I have a follow up question for this post. I am doing a retrospective analysis on SC2 data to look at variant severity. In the model, I am grouping sequences by clade and looking at yes/no for hospitalizations. I am interested in understanding more about how the ‘good’ vs ‘mediocre’ vs’ bad’ qc.overallStatus is related to accuracy of lineage calls and if there has been any further work done for having a confidence estimate for lineage calls? Essentially, which sequences should be excluded because the lineage call can’t be trusted and is the qc.overallStatus the best indicator of this?

Thank you in advance!

Hi @laurenfrisbie,

If you’re looking at classifications at (Nextstrain) clade level, which is fairly broad, I don’t think there’s much uncertainty for whole genome sequences. Even if it’s spike only, there’s usually enough information in sequences to place them confidently at a clade level.
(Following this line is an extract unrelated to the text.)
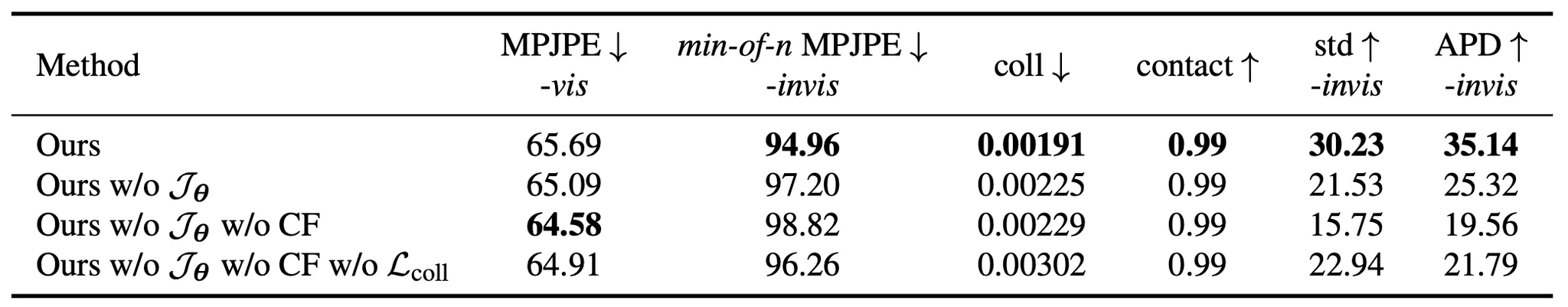 위 표에 따르면, 논문에서 제시한 collision score based sampling 과정에 포함되는 과 collision loss 가 모두 coliision 발생을 유의미하게 줄였음을 확인할 수 있었습니다. 또한 Classifier-Free-Guidance 의 사용으로 invisible point 에 대한 예측은 unconditional 하게 진행한 것이 diversity 에 큰 도움이 되었다는 것을 확인할 수 있었습니다.

It’s true that we don’t quantify placement uncertainty at the moment.

Even if a sequence gets a bad QC status the clade assignment should usually still be reliable. The only reason that clade calls could be wrong is if you have a coinfection or a recombinant that hasn’t been designated, in which case there isn’t a “correct” clade.

I’m sorry I can’t give a more precise answer here, I hope the above helps nonetheless.



Hi @corneliusroemer,

Thank you for your insight! It is helpful to know that a bad QC overall status should usually have a reliable clade assignment.